8. The Art of Dreaming by Carlos Castaneda
Anthropologist Carlos Castaneda (allegedly) spent over a decade shadowing a Yaqui “sorcerer” in the mid-20th century. Castaneda imparts some of what he learned in The Art of Dreaming, which purports to teach readers how to control their consciousness while sleeping. The key is in mastering “total awareness” of one’s subconscious, which can be achieved in seven steps. Whether or not Castaneda really spent all that time with Yaqui “sorcerer” is still up for debate, but The Art of Dreaming is a fascinating read regardless.
9. The Oracle of Night: The History and Science of Dreams by Sidarta Ribeiro
“What is a dream?” is the central question of Sidarta Ribeiro’s The Oracle of Night. Ribeiro, a neuroscientist and founder of the Brain Institute at Universidade Federal do Rio Grande do Norte in Brazil, looks to evolution, societal factors, and the personal subconscious to explain the nature of dreams. From ancient cave drawings to today’s leading scientific theories, The Oracle of Night offers a sweeping chronicle of how dreams have shaped humanity and the world.
10. The Dream and the Underworld by James Hillman
Simply put, Jung walked so James Hillman could run. Hillman’s studies expand on Jung's theories of archetypal psychology, and is credited for founding the movement associated with such ideas. Dovetailing off his previous works The Myth of Analysis and Re-Visioning Psychology, Hillman’s 1979 book The Dream and the Underworld further elaborates on Jung’s original findings, and argues that dreams aren’t formulated at random. He also argues that the “soul” plays a big part in the human psyche.

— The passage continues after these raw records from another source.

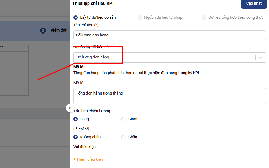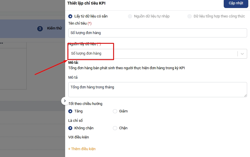 - Số lượng đơn hàng: Lấy tự động từ nguồn dữ liệu Số lượng đơn hàng
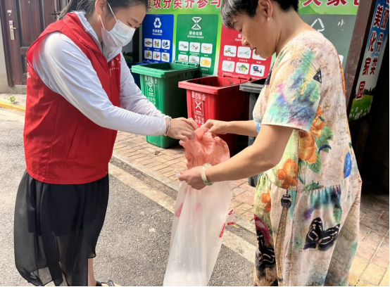 在居民投放垃圾時(shí),志愿者現(xiàn)場根據(jù)垃圾分類亭上的提示,引導(dǎo)其應(yīng)該如何將垃圾進(jìn)行精準(zhǔn)分類和投放,讓居民能夠更加直觀地了解到在日常生活中應(yīng)該怎樣去進(jìn)行垃圾分類,從而掌握正確的分類方法,積極主動(dòng)地參與到垃圾分類行動(dòng)中來。
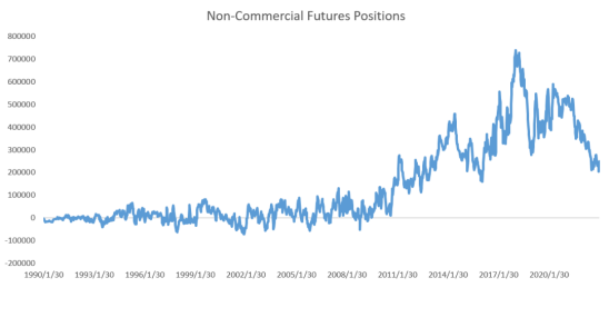 这里的逻辑是:原油产量缺口--->能源股预期上涨--->生产商股价好就愿意多产原油--->近端石油消费需求跟不上--->原油轻度过剩带来油价回调--->需求彻底回归--->生产商挺价--->油价上涨。但是由于今年美国原油期货的持仓量数据持续下降,大基金经理做多原油,很多由于流动性受限,所以周五的GSGI指数在开盘下跌后就走平,可以视为大基金已经悄悄开始买入,出现了支撑。
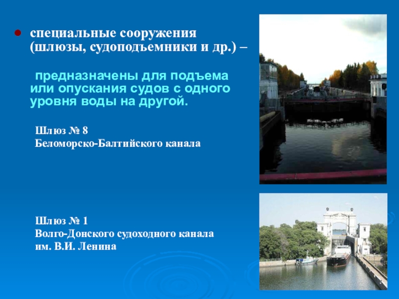 Слайд 9специальные сооружения (шлюзы, судоподъемники и др.) –
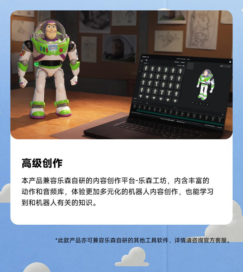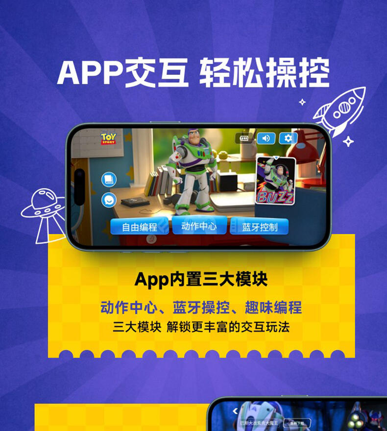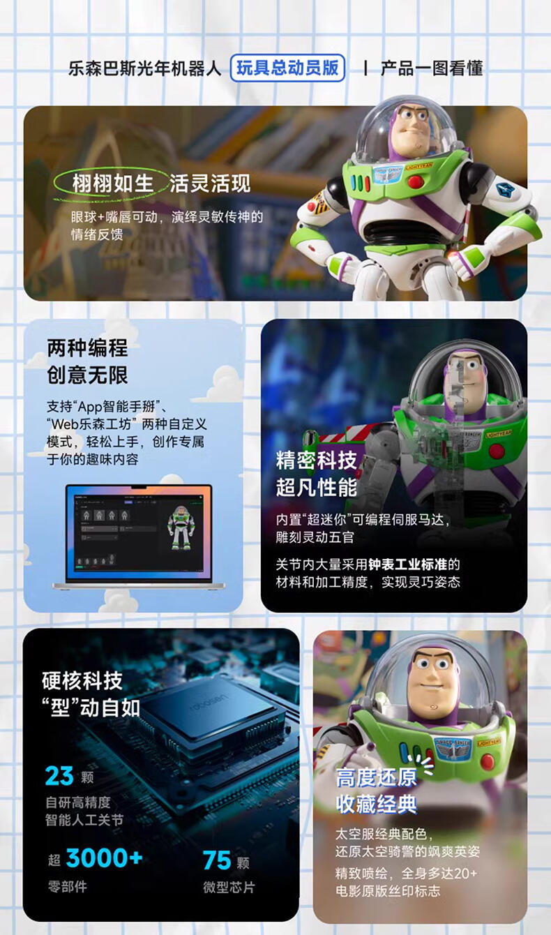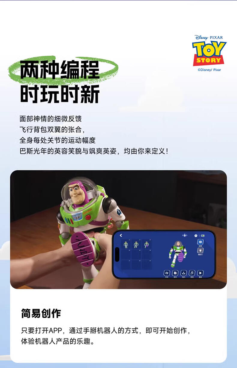 一台有生命的机器人,迪士尼正版授权,首次采用微型舵机,实现嘴巴、眼球可动,全身23个舵机,75颗芯片,型动自如,高度还原,200多中文台词,收藏经典,两种编程模式,时玩时新
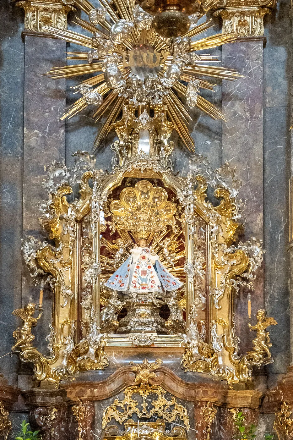 Wnętrze kościoła, przebudowane w stylu barokowym, skrywa liczne dzieła sztuki. Jednak największym skarbem jest niewielka woskowa figurka Dzieciątka Jezus, pochodząca prawdopodobnie z Hiszpanii i podarowana karmelitom w 1628 roku. Zyskała sławę cudownej dzięki licznym świadectwom łask i uzdrowień, stając się celem pielgrzymek z całego świata. Figurkę ubiera się w bogato zdobione szatki liturgiczne, które ofiarowują wierni – kolekcja liczy setki strojów, w tym dar papieży i monarchów.
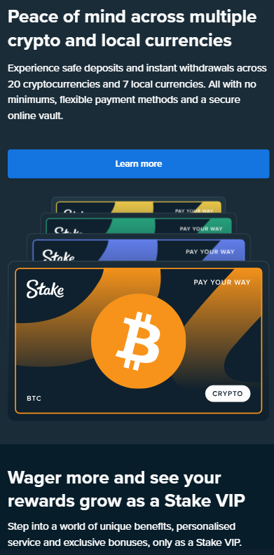 Extra options are e-wallets that Stake offers by Skrill and Neteller allowing for prompt and trouble-free online purchases.Bank Transfers
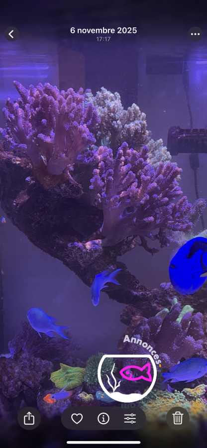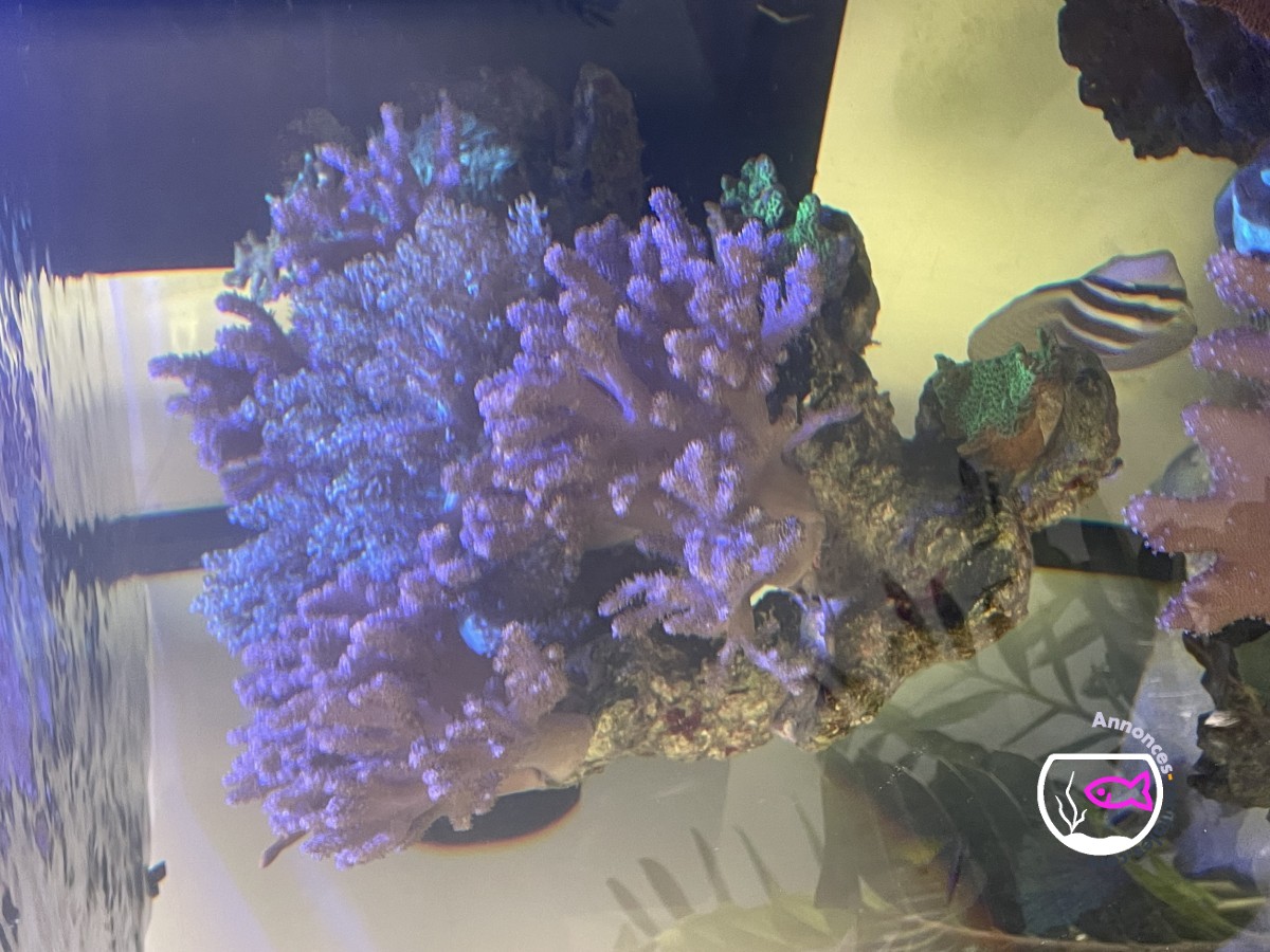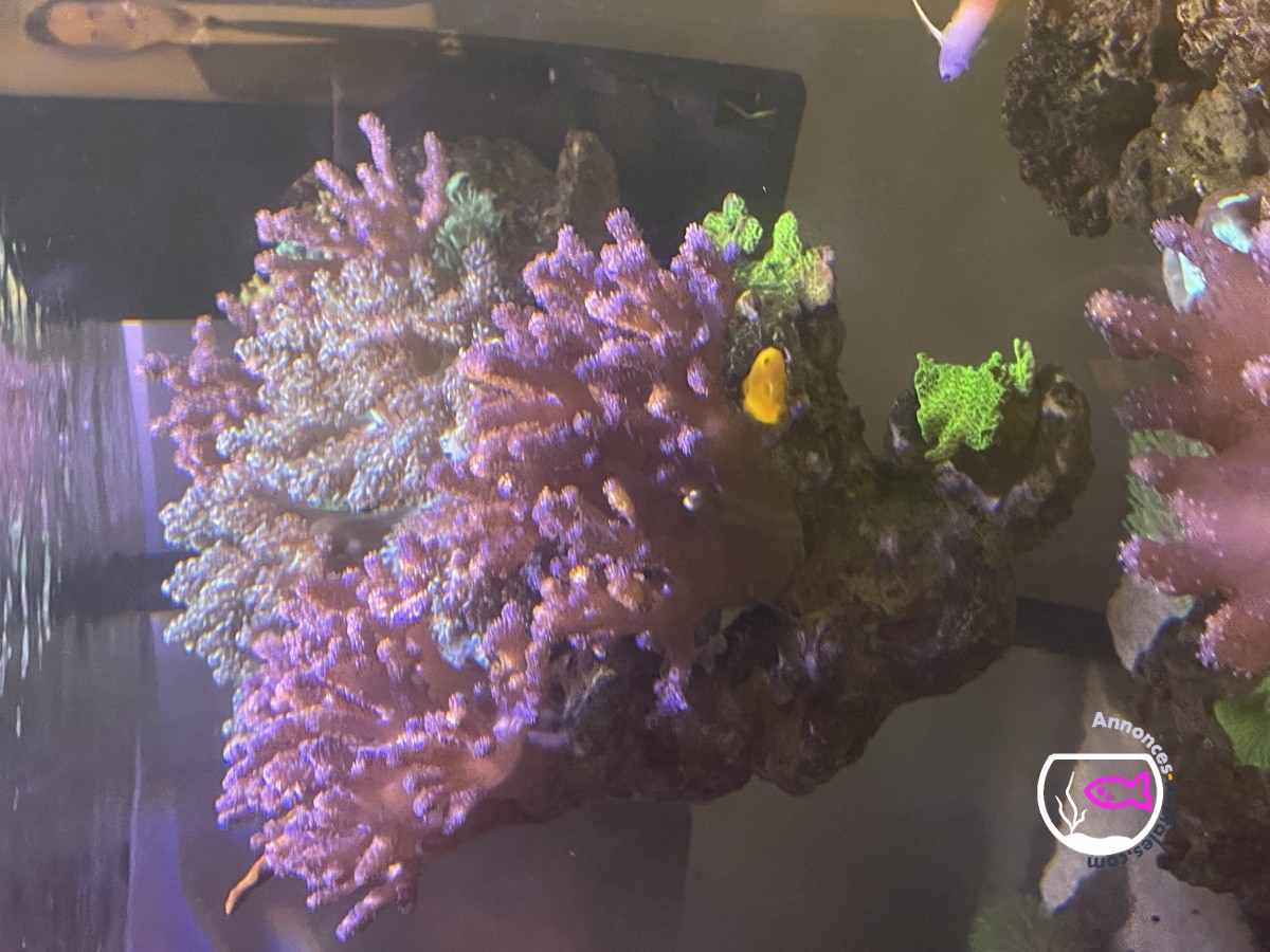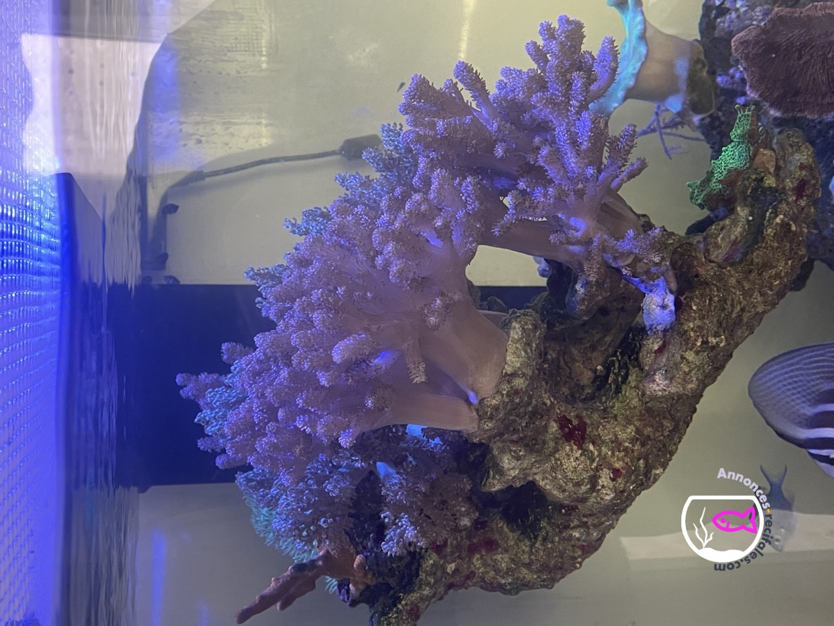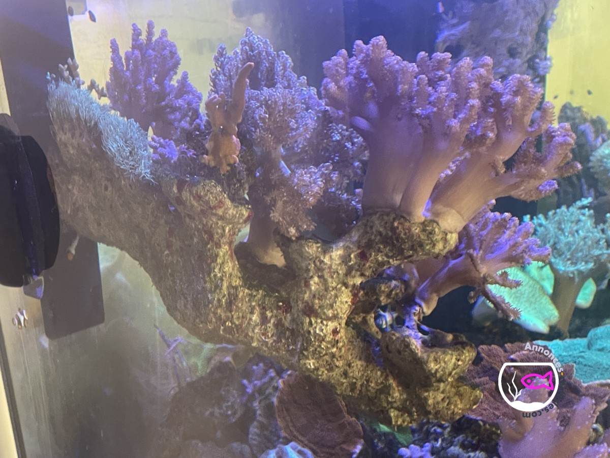 Vend pierre suspendu environ 40cm de long avec les coraux moi dessus 2 sortent de sinularia mauve et gris et du patchy
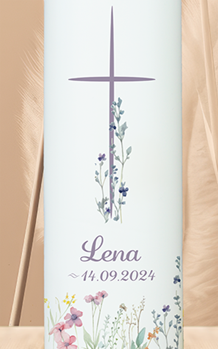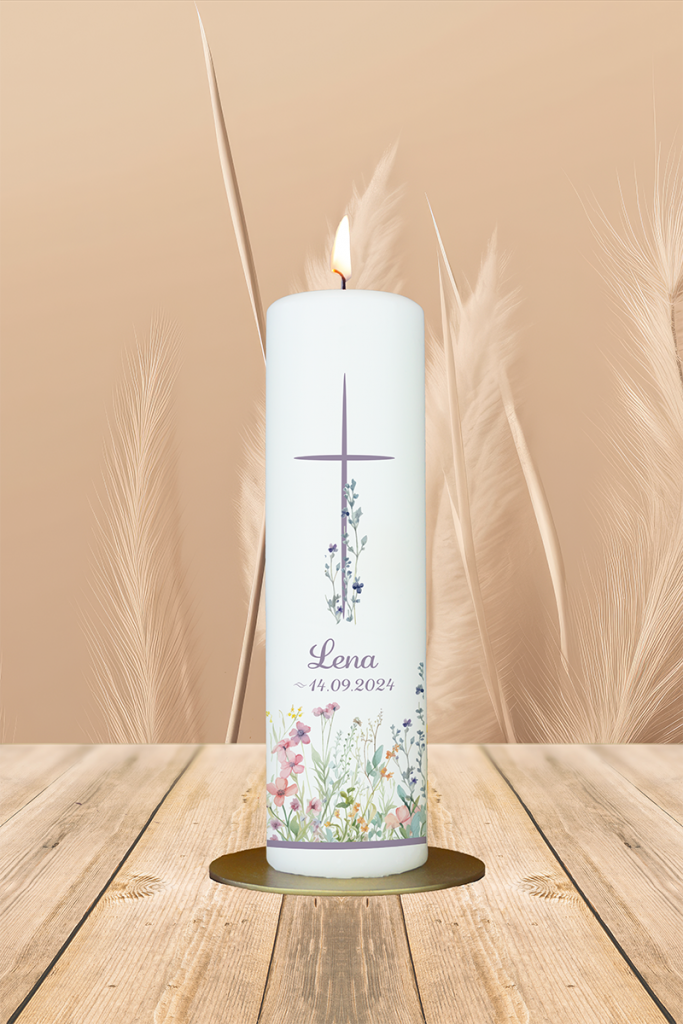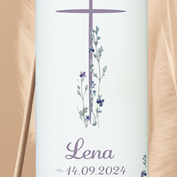 Sanft, blühend und lichtvoll: Das lilafarbene Kreuz über einer frühlingshaften Blumenwiese bringt die Botschaft vom blühenden Glauben und neuer Hoffnung. Mit dem Namen „Lena“ und einem feinen, harmonischen Farbschema wird diese Taufkerze zu einem liebevollen Licht für einen gesegneten Neubeginn.
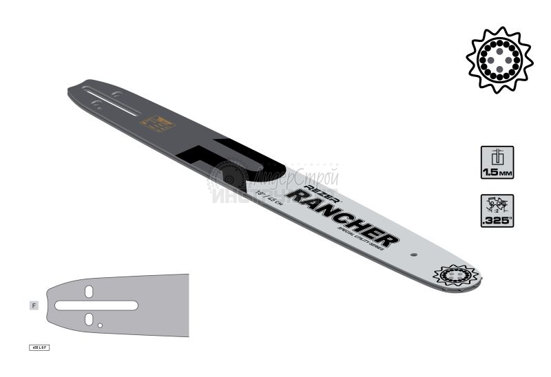 Шины Rezer со стандартным профилем для бензопил любительского и полупрофессионального класса и электропил с мощностью до 2,2 кВт. Имеют усиленное крепление ведомой звездочки, что обеспечивает дополнительную устойчивость к нагрузкам и продлевает срок службы. Так же, как шины с узким профилем, имеют узкий паз (slim) и длину от 35 до 50 см.
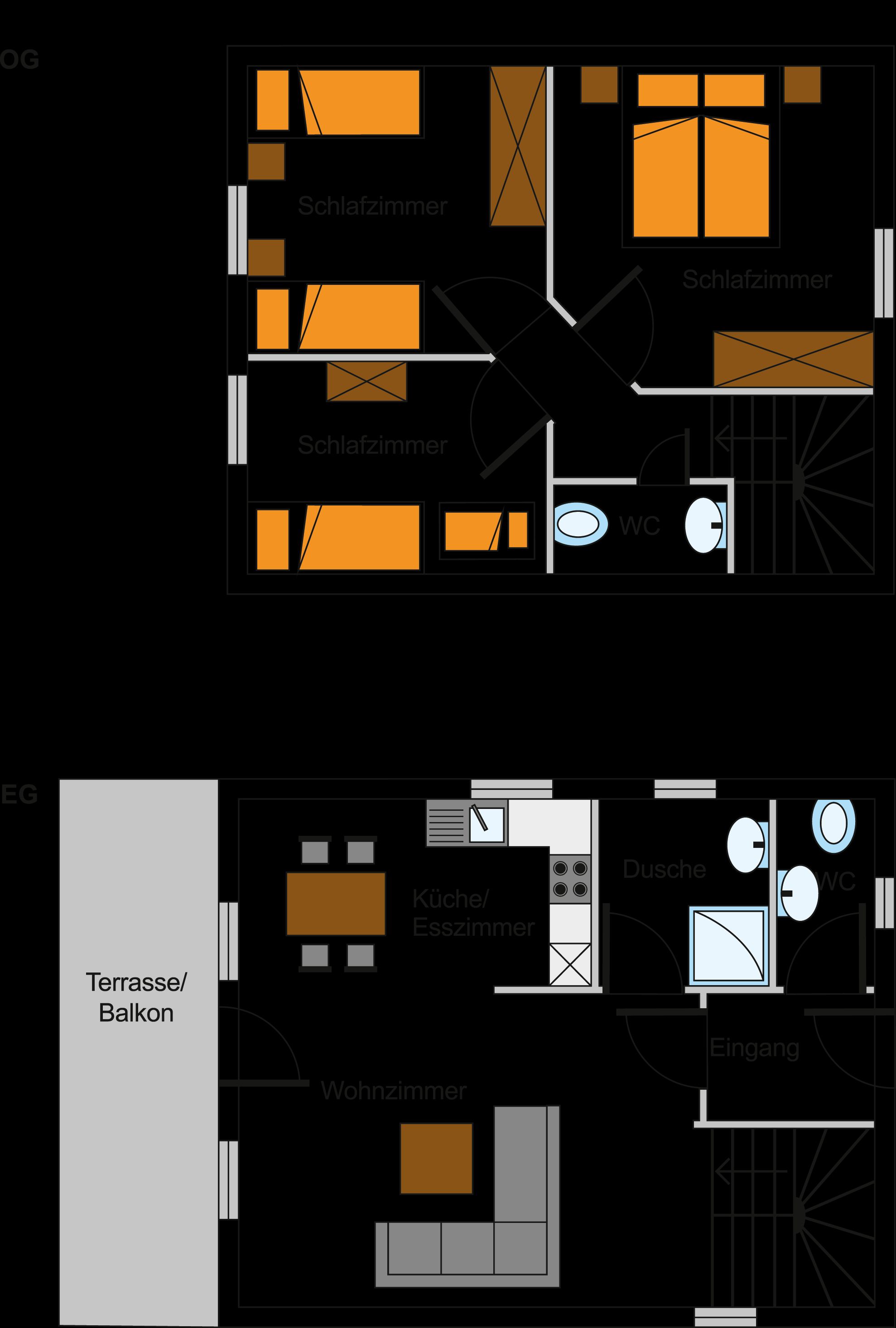 Das schöne, moderne Ferienhaus B ist für 5 Personen ausgelegt. Sie wohnen auf 2 Ebenen. Im Erdgeschoss befindet sich die Küche mit Backofen, Herd, Geschirrspüler, Kaffeemaschine und Wasserkocher. Außerdem befindet sich dort ein Esstisch. Das schöne Wohnzimmer mit SAT-TV und großer Couch lädt zum Verweilen ein. Das Ferienhaus verfügt im Erdgeschoss über eine Dusche und ein separates WC. Im Dachgeschoss befinden sich zwei Schlafräume. Im ersten Schlafzimmer befindet sich ein bequemes Doppelbett. Im zweiten Schlafzimmer stehen zwei Einzelbetten. Im Spielzimmer befindet sich ein Kinderbett. Außerdem befindet sich auf dem Stockwerk ein weiteres WC. Auf dem schönen Balkon und der Terrasse können Sie die Sonne genießen.
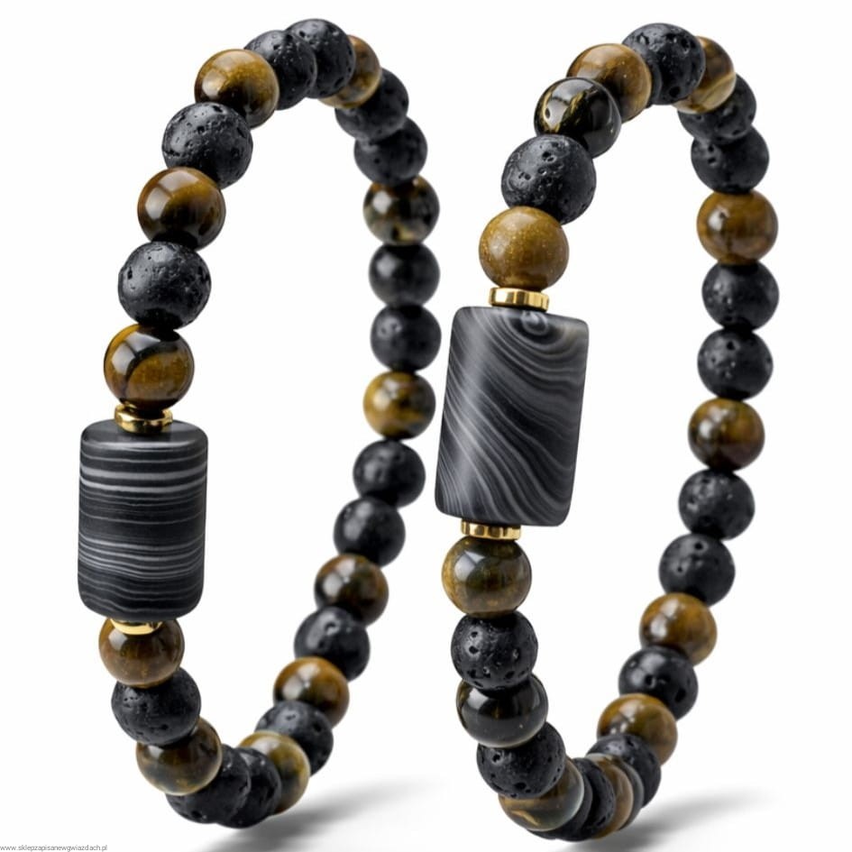✨ Bransoletka męska z Sardonyksu, Lawy Wulkanicznej i Tygrysiego Oka ✨
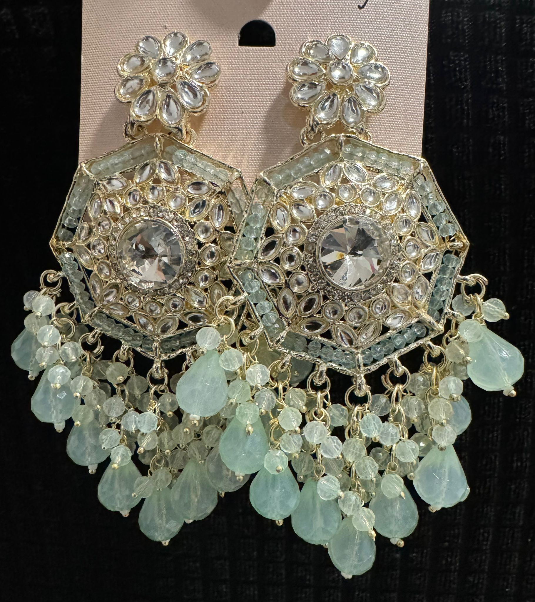 Gold Plated Kundan Pearl Chandbali Long Dangle Earrings Jewellery

11. The Pagan Dream Guide: Dreamtime Images Symbolism and Ancient Wisdom by Pat Regan
Ever dream something so wild or off-the-wall that it makes you briefly question your sanity? The Pagan Dream Guide aims to clarify the oft-confusing imagery seen in dreams. While the author argues that the dreamer has the most authority to interpret their subconscious, this comprehensive guide can help readers work through their dreams and the subconscious feelings that underlie them.
12. Why We Dream: The Science, Creativity and Transformative Power of Dreams by Alice Robb
In her book, former New Republic staff writer Alice Robb tries to answer an intractable, age-old question: Why do we dream? Even though all humans dream, and an overwhelming number remember their dreams the next morning, much about this universal experience remains shrouded in mystery. Why We Dream draws on years of scientific research to explain why dreams matter, and how readers should go about interpreting their own nightly visions.
13. Exploring the World of Lucid Dreaming by Stephen LaBerge & Howard Rheingold
Stephen LaBerge and Howard Rheingold’s Exploring the World of Lucid Dreaming examines the phenomenon in depth, and also offers tools for maintaining conscious awareness while in a dream state. This tome draws on LaBerge’s own research at Stanford University, and cites studies from a myriad of sources, from Tibetan yogis to internationally-renowned dream scientists.